M.Sc Thesis | |

M.Sc Student | Frank Ari |
---|---|

Subject | A New Branch and Bound Feature Selection Algorithm |

Department | Department of Computer Science |

Supervisors | PROF. Dan Geiger |

ASSOCIATE PROF. Zohar Yakhini |

Feature selection is
used to reduce the dimensionality of the data in order to both improve the
accuracy and reduce the computational effort involved in the task of
classification. We present a *Branch and Bound* algorithm for finding a
subset of *k* independent Gaussian features that minimizes the
classification error of naive Bayesian classifiers. Our algorithm uses additive
monotonic distance measures, such as the Bhattacharyya and divergence
distances, to produce bounds for the Bayesian classification error in order to
exclude many feature subsets from evaluation. The search for the optimal subset
performed by the algorithm is complete, i.e., every feature subset excluded is
one that could not possibly have the lowest Bayesian classification error. In
many cases the algorithm needs to evaluate only a small fraction of the
possible feature subsets, thus enabling a very efficient search.
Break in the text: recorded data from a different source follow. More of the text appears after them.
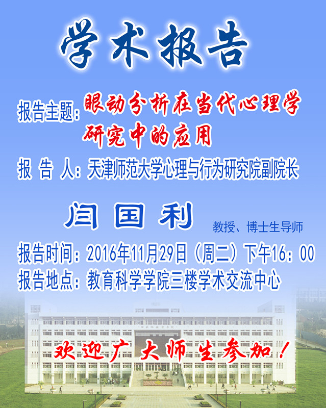 学术报告预告——天津师范大学心理与行为研究院副院长闫国利学术报告
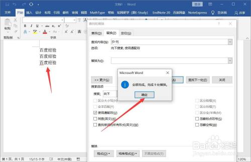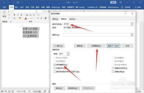 查找内容为[0-9],勾选【利用通配符】,替代内容不填,点击【全数替代】即可将所有的数字删除。
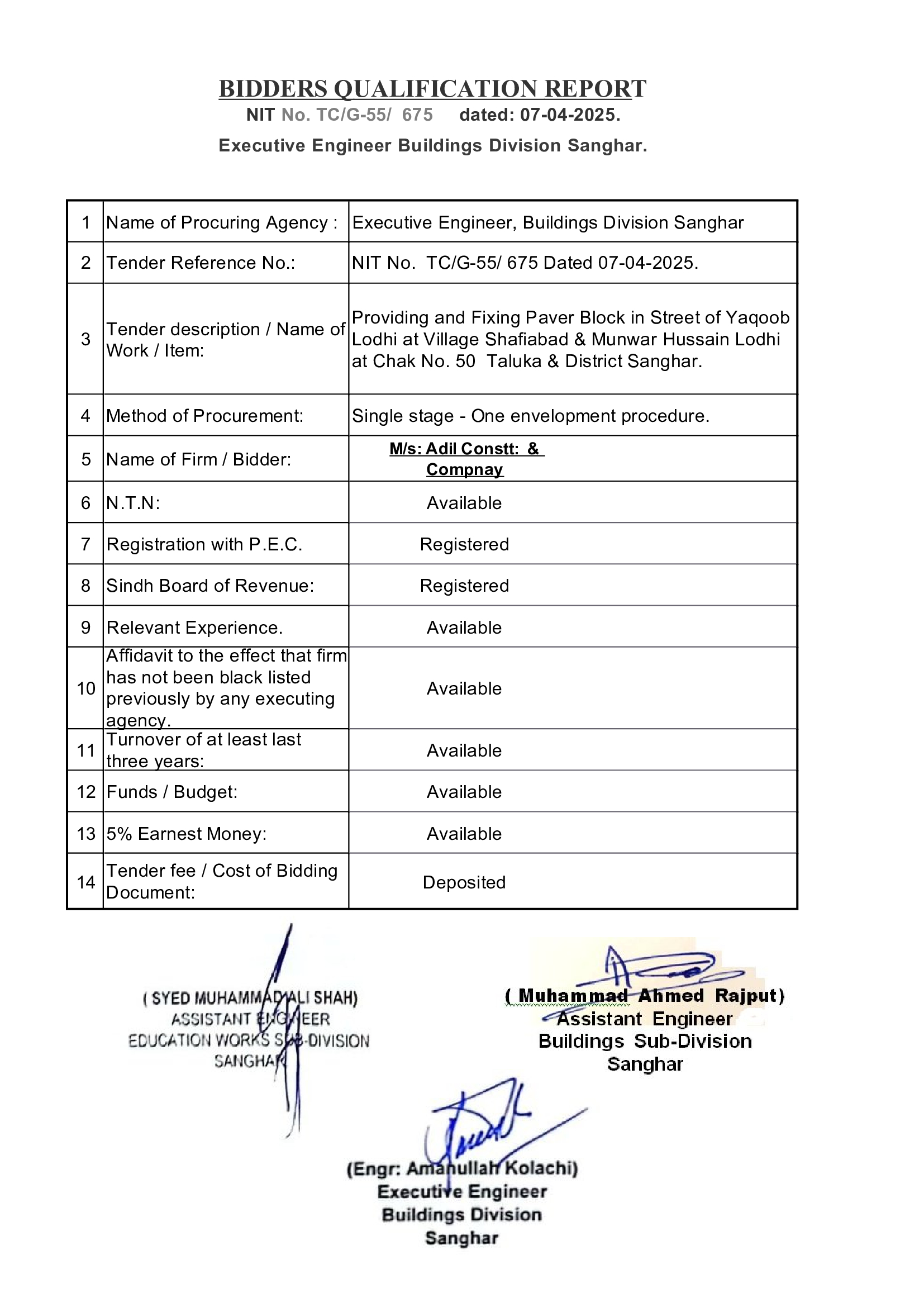 | T00742-24-0003 | BE00742-24-0003-6 | 6 Providing and Fixing Paver Block From Adnan House to Abdul Hameed House at Gujri Taluka & District Sanghar | XEN Building Division Sanghar (51-Works and Services Department) | 02-05-2025 | Sanghar | Active |

Our algorithm, when augmented with some heuristic adjustments, is shown to perform well on gene expression datasets. Selecting 5 features from training data typically suffices to correctly classify the test data. This selection is typically done by examining less than 10% of the feature subsets. Small subsets of genes that classify tissues with high success rates are potential basis for classification assays that use small-scale low-cost gene expression measurement methods, such as RT-PCR.